El declive de la juventud

El declive de la juventud

El Gobierno español elimina el Consejo de la Juventud. Con buen criterio, pues para mandarlos al exilio sólo es necesaria una buena red de transportes por todas las vías posibles: tierra, mar o aire. Ahí está la salida de la juventud de la clase media: en la frontera o el aeropuerto. Punto y final de una aventura que nos iluminó a todos. Ahora ya sólo nos queda recordarla. La nostalgia. La nuestra.

La juventud de clase media ha protagonizado el último medio siglo de las sociedades occidentales desarrolladas. En su edípico deseo de superar -eliminando- a las generaciones precedentes, ha sido seguramente la más transgresora y creativa del último ciclo civilizatorio. En esta categoría social estaban los innovadores y los buscadores de tendencias, como bien saben los buenos investigadores de mercado. Eran los que marcaban modas o, al menos, las hacían triunfar. Ellos y ellas eran la tendencia. Lo que rechazaban, quedaba fijado en el fracaso simbólico -lo out, lo patético, lo que carecía de sitio- o, más aún, en el fracaso material y económico porque no era avalado por ellos.
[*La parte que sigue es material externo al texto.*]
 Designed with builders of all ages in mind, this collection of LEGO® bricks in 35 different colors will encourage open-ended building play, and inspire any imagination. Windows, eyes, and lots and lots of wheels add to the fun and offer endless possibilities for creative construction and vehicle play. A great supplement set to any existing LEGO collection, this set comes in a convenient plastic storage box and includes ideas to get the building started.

La cultura popular se revolucionó con ellos. El pop surgió contra el clasicismo o el folklorismo de sus mayores. Un estruendo se coló en todas las casas. Y un mandato: había que ser joven. Había que ser jóvenes como ellos. Niños y niñas mimados en una sociedad de consumo que gestionaban a su antojo. Que estaba hecha para ellos. Pero de la que se mostraban insatisfechos, como clientes que se saben dueños y quieren más y más. Rebeldes sin causa erigidos sobre el crecimiento demográfico y económico que siguió al final de la Segunda Guerra Mundial.
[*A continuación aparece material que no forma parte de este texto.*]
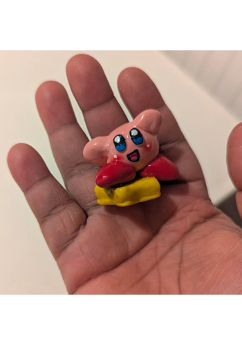 Bring the magic of Dream Land to your collection with this handmade Kirby figure standing on a star! Carefully sculpted from high-quality polymer clay, this adorable figure captures Kirby’s iconic cheerful expression as he rides across the stars. Hand-painted with vibrant, game-accurate colors and sealed with a glossy UV resin finish, this piece is both durable and beautifully detailed—perfect for display on your desk, shelf, or gaming setup!

Creciendo con la nariz pegada a la televisión -han sido las generaciones de la televisión- nos extrañaba que, con los funestos efectos de tan peligrosa máquina de comunicación, salieran a la calle a reivindicar la libertad o tirar adoquines, como en el mayo sesentayochista, o a darnos lecciones de dignidad política, como en las recientes ocupaciones de las principales plazas de las ciudades del mundo. Muestra de que la televisión también genera personas críticas y sólo quien es tonto, zafio o ignorante se vuelve más tonto, zafio o ignorante delante del aparato. Gracias a la nota diferencial de la audiencia juvenil y la necesidad de enganchar con ella, hemos podido asistir a las creaciones más originales de la industria cultural. Desde las series de ficción, hasta la propia música pop.
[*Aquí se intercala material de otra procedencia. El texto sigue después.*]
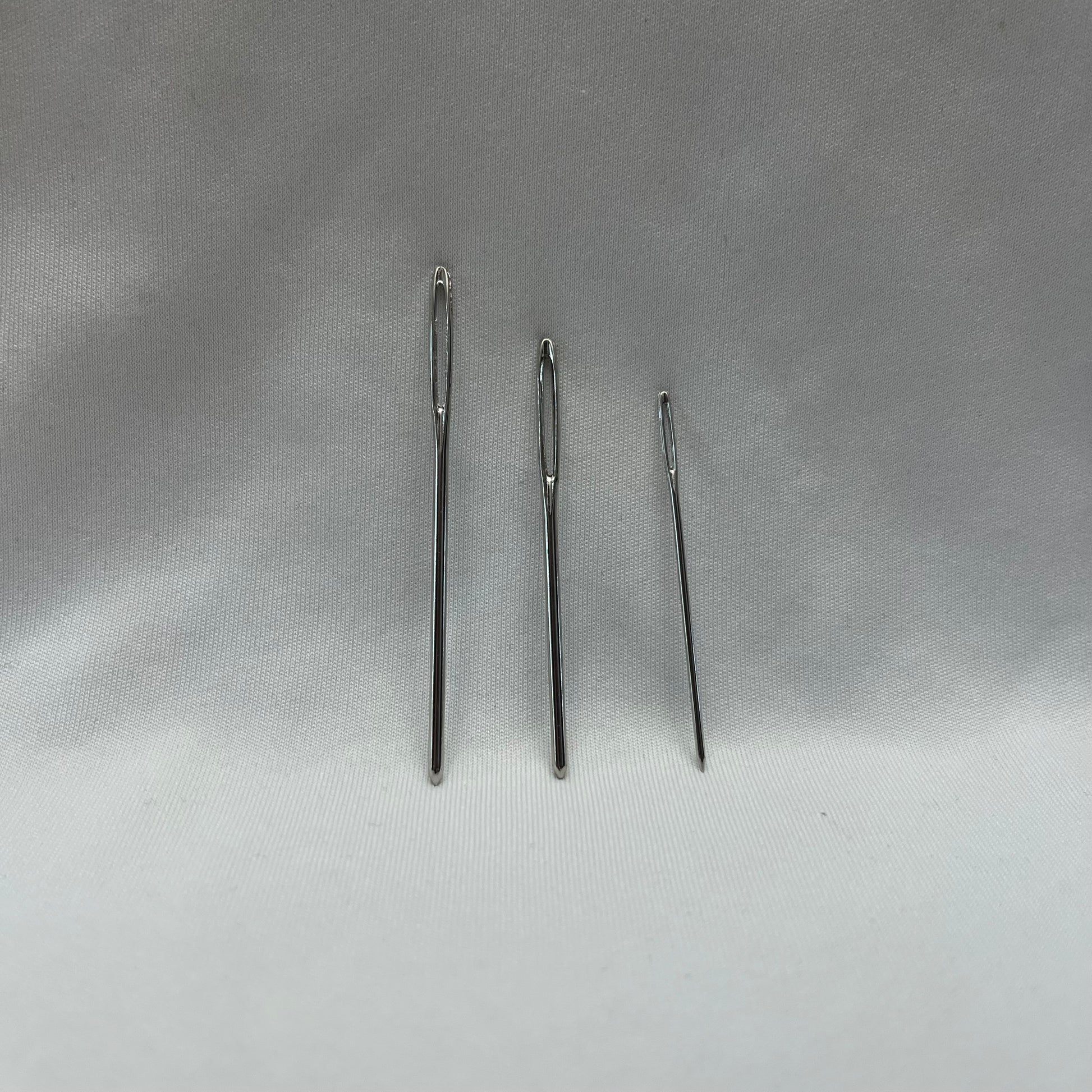 Metal, large-eye, blunt-tip darning (or yarn) needles. This comes with 3 different sizes: a 2inch/5.3cm, a 2.3inch/6cm, and a 2.7inch/7cm length.

En mayo de 1968: la explosión. Durante 2012: la implosión. Como muestra Zizek en uno de sus últimos libros: agotados de sí mismos, de su narcisismo. De esa búsqueda de la experiencia por la experiencia. Basta echar un vistazo a las pirámides de población para ver hoy su escasa fuerza. Pero se podrían hacer otros esfuerzos de comprobación de su debilitada situación: ver cómo las calles de Madrid o Barcelona, Londres o Roma, Paris o Munich, están dominadas por gente que apenas puede caminar, que necesita andadores o sillas de rueda, llenos de canas. Quiten de estas ciudades los turistas que habitan el centro. Vayan a sus barrios de vecinos. En las calles no hay jóvenes -más o menos amables o peligrosos- sino senectud.

Casi todos los indicadores señalan la caída de la categoría, desde los salarios -antes mileuristas; ahora, ni eso- a las cifras del paro. Imposibilitados para consumir, porque carecen de rentas y expectativas, quedan atados a la pantalla del ordenador. Por si hay alguien conocido. Por si hay un igual que pueda recibir sus mensajes. Antes eran la movilidad, las generaciones del coche y la velocidad. Hoy, la movilidad les manda al extranjero o al adsl de la más alta velocidad. La más alta velocidad para correr hacia ninguna parte.

El Gobierno español elimina el Consejo de la Juventud. Con buen criterio, pues para mandarlos al exilio sólo es necesaria una buena red de transportes por todas las vías posibles: tierra, mar o aire. Ahí está la salida de la juventud de la clase media: en la frontera o el aeropuerto. Punto y final de una aventura que nos iluminó a todos. Ahora ya sólo nos queda recordarla. La nostalgia. La nuestra.